[Collection entries]

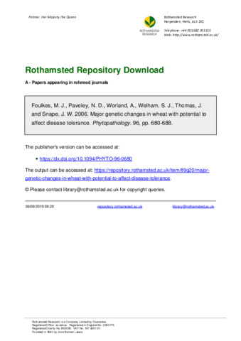 Major genetic changes in wheat with potential to affect disease tolerance.
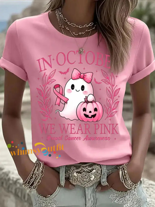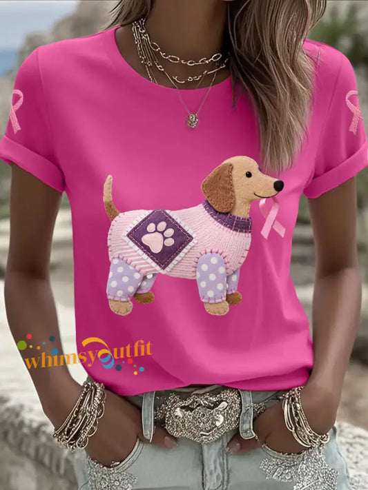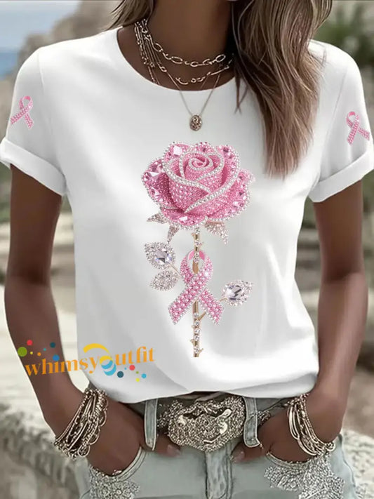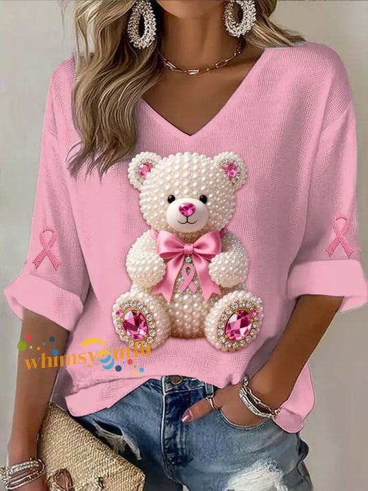 Retro Breast Cancer Pearl Diamond Multicolor Hummingbird Abstract Print Casual Cotton Waffle Long Sleeve T-Shirt
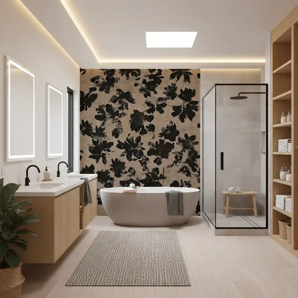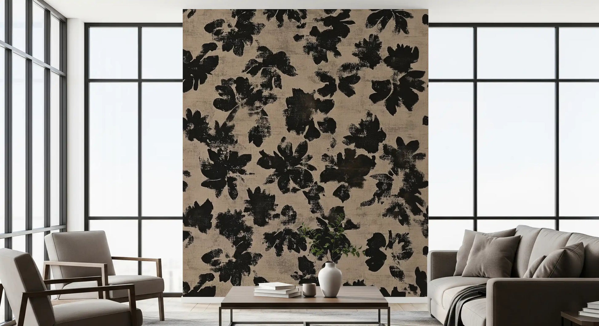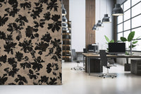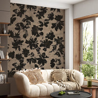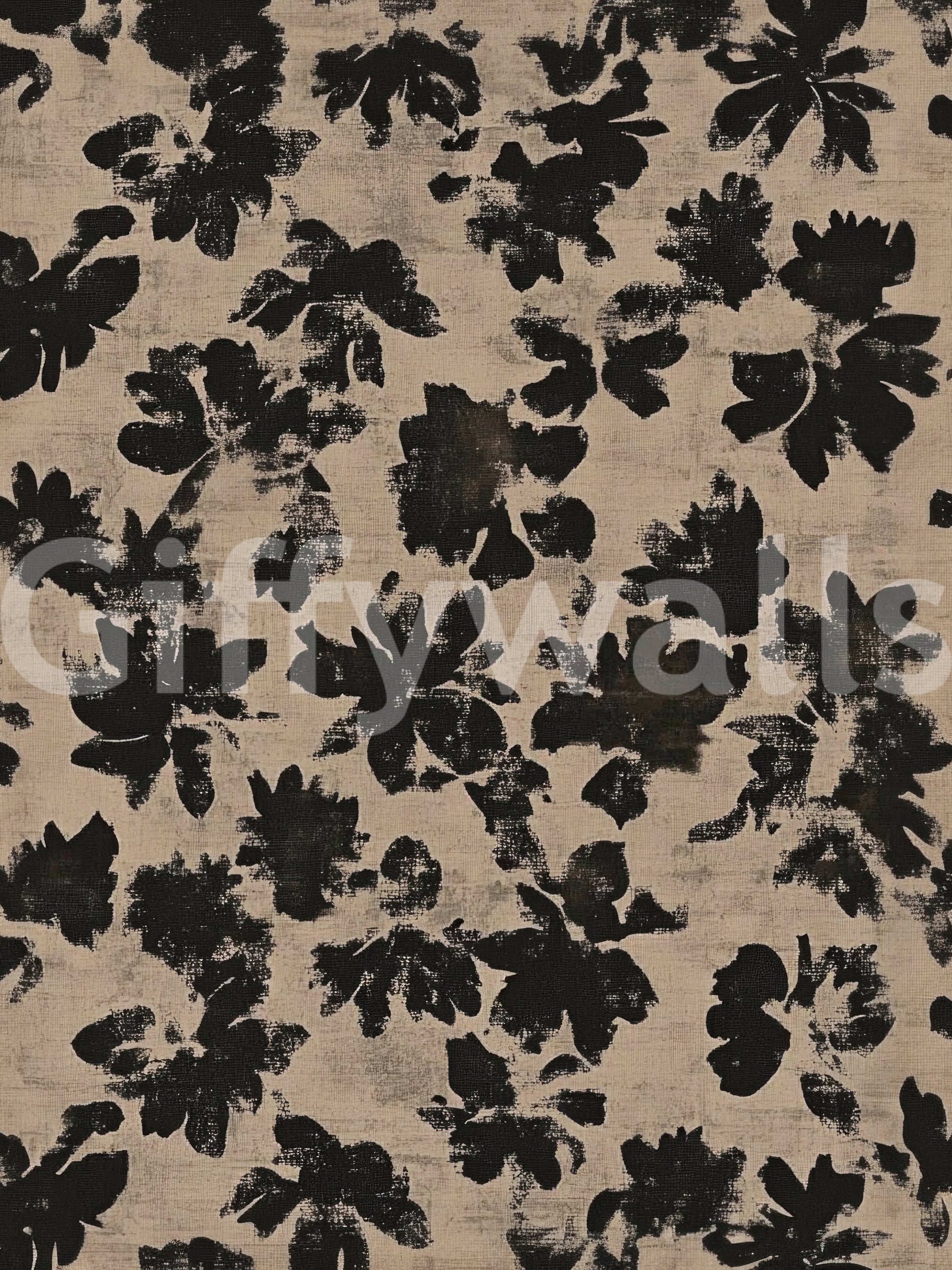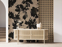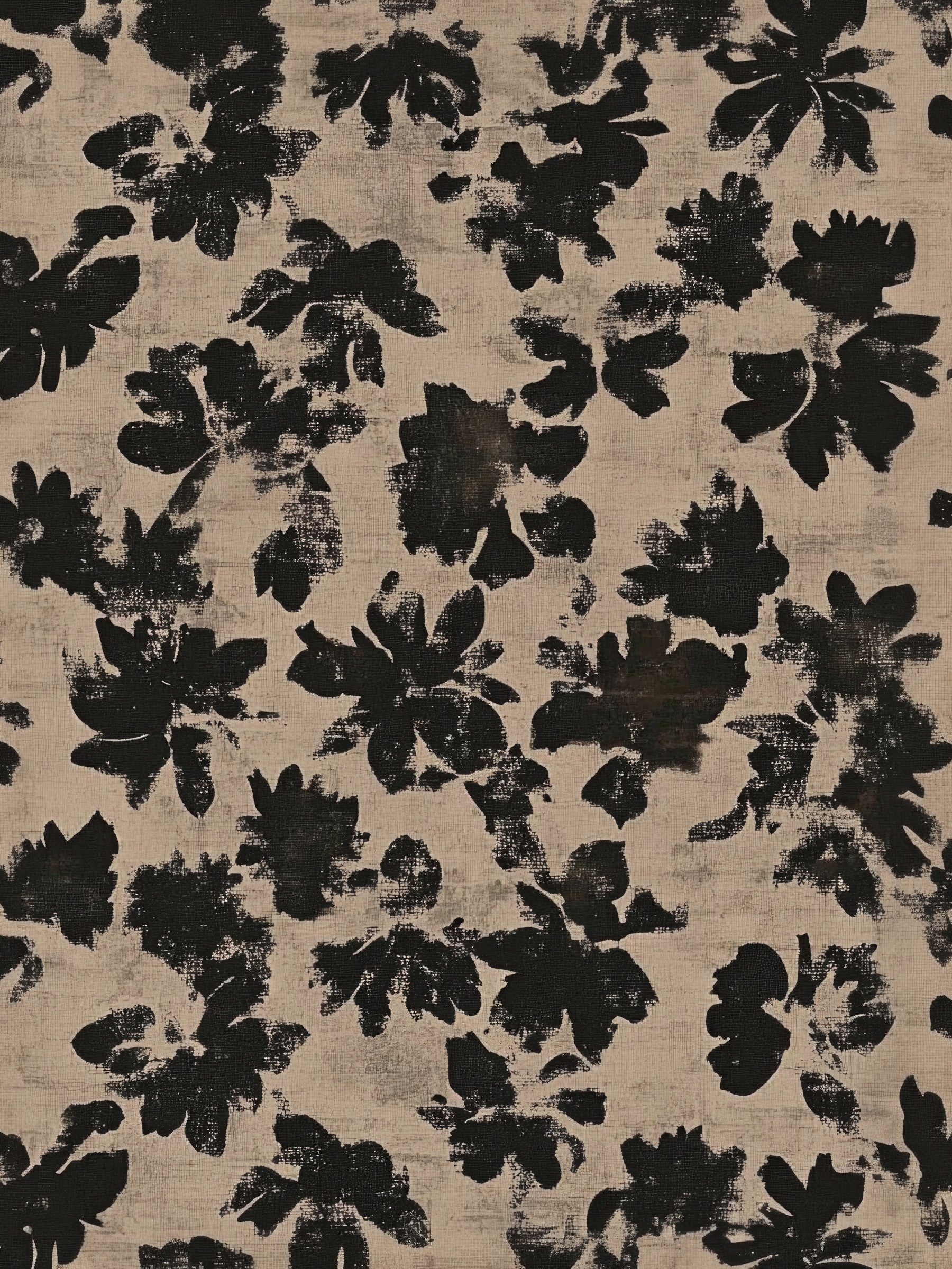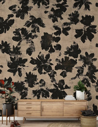 Transform your living space with this striking wallpaper, featuring an abstract floral design. Bold black silhouettes of organic blooms stand out against a distressed beige background. The brushstroke texture gives the pattern a hand-painted, rustic feel, adding depth and character to any room. This design blends modern aesthetics with a natural, earthy charm. Perfect for creating an accent wall in a minimalist living room, adding sophistication to a bedroom, or bringing an artistic touch to a contemporary dining area. The high-contrast palette ensures this unique pattern becomes a captivating focal point, enhancing your interior design with subtle elegance.
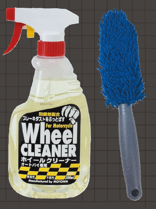 ホイールはチェーンオイルに泥汚れなどがこびり付き、汚れやすい箇所の一つ。専用のブラシやクリーナーを使えば効率的にキレイになる。(ホイールクリーナー/販売:モータウン)
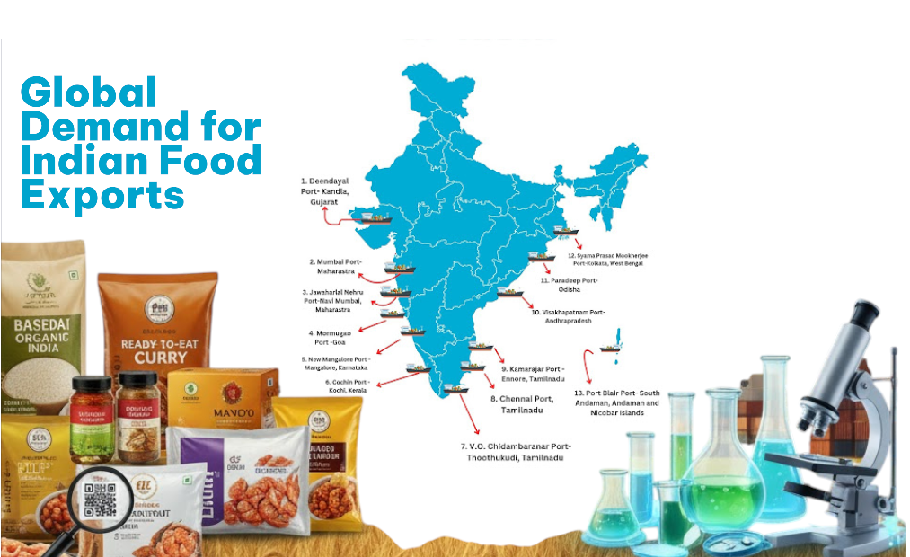 #Indian food export markets, #APEDA exports, #FSSAI testing, #EIC certification, #agri exports from India, #emerging food markets, #Indian processed food exports, #export opportunities 2025, #agricultural testing labs India
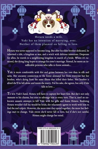 Hotaru needs a wife. Yuki has no intention of marrying, ever. Neither of them planned on falling in love. Hotaru was never supposed to become king. But after his elder brother abdicated, he inherited a title, a kingdom at war, and a witch with dubious intentions. Desperate for allies, he travels to a neighboring kingdom in search of a bride. Where it's rumored, the dying king hopes to arrange his sister's marriage. Instead, he meets an insufferable princess who talks to forest animals... Yuki is more comfortable with dirt and grime between her toes than in silk and satin. Her uncanny connection to the forest alienated her from everyone but her brother, who's dying from the same illness that killed their father. Her brother is afraid she'll be left alone and insists she marry. For his sake, she agrees, but only if she falls in love... To win Yuki's hand, Hotaru will have to capture her heart first. But she's not only immune to his charms, but tries to sabotage him at every turn. That is until an unknown assassin attempts to kill Yuki with his gifts and frame Hotaru. Realizing Hotaru wouldn't kill his would-be bride, she reluctantly agrees to work with him to find the real culprit. However, the more time they spend together, the more her feelings change. Yuki swore she'd never fall in love, but if she's not careful, Hotaru might sway her heart.
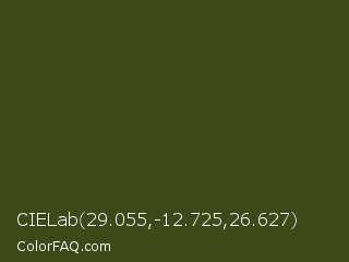 CIELab 29.055,-12.725,26.627 Color is a very dark lime color and the nearest color is Clover #384910. Hex code #3e4919 and RGB value is rgb(62,73,25). In RGB color space, this color is composed of 24% red, 29% green, 10% blue, In CMYK color space, this color is composed of 15% cyan, 0% magenta, 66% yellow , 71% black , In HSL color space, this color has a hue angle of 74° , 49% saturation and 19% lightness.

* EXERCISE DESCRIPTION: Write the records above out again word for word, skipping each picture.

* WRITTEN SOLUTION:
 Major genetic changes in wheat with potential to affect disease tolerance.
 Retro Breast Cancer Pearl Diamond Multicolor Hummingbird Abstract Print Casual Cotton Waffle Long Sleeve T-Shirt
 Transform your living space with this striking wallpaper, featuring an abstract floral design. Bold black silhouettes of organic blooms stand out against a distressed beige background. The brushstroke texture gives the pattern a hand-painted, rustic feel, adding depth and character to any room. This design blends modern aesthetics with a natural, earthy charm. Perfect for creating an accent wall in a minimalist living room, adding sophistication to a bedroom, or bringing an artistic touch to a contemporary dining area. The high-contrast palette ensures this unique pattern becomes a captivating focal point, enhancing your interior design with subtle elegance.
 ホイールはチェーンオイルに泥汚れなどがこびり付き、汚れやすい箇所の一つ。専用のブラシやクリーナーを使えば効率的にキレイになる。(ホイールクリーナー/販売:モータウン)
 #Indian food export markets, #APEDA exports, #FSSAI testing, #EIC certification, #agri exports from India, #emerging food markets, #Indian processed food exports, #export opportunities 2025, #agricultural testing labs India
 Hotaru needs a wife. Yuki has no intention of marrying, ever. Neither of them planned on falling in love. Hotaru was never supposed to become king. But after his elder brother abdicated, he inherited a title, a kingdom at war, and a witch with dubious intentions. Desperate for allies, he travels to a neighboring kingdom in search of a bride. Where it's rumored, the dying king hopes to arrange his sister's marriage. Instead, he meets an insufferable princess who talks to forest animals... Yuki is more comfortable with dirt and grime between her toes than in silk and satin. Her uncanny connection to the forest alienated her from everyone but her brother, who's dying from the same illness that killed their father. Her brother is afraid she'll be left alone and insists she marry. For his sake, she agrees, but only if she falls in love... To win Yuki's hand, Hotaru will have to capture her heart first. But she's not only immune to his charms, but tries to sabotage him at every turn. That is until an unknown assassin attempts to kill Yuki with his gifts and frame Hotaru. Realizing Hotaru wouldn't kill his would-be bride, she reluctantly agrees to work with him to find the real culprit. However, the more time they spend together, the more her feelings change. Yuki swore she'd never fall in love, but if she's not careful, Hotaru might sway her heart.
 CIELab 29.055,-12.725,26.627 Color is a very dark lime color and the nearest color is Clover #384910. Hex code #3e4919 and RGB value is rgb(62,73,25). In RGB color space, this color is composed of 24% red, 29% green, 10% blue, In CMYK color space, this color is composed of 15% cyan, 0% magenta, 66% yellow , 71% black , In HSL color space, this color has a hue angle of 74° , 49% saturation and 19% lightness.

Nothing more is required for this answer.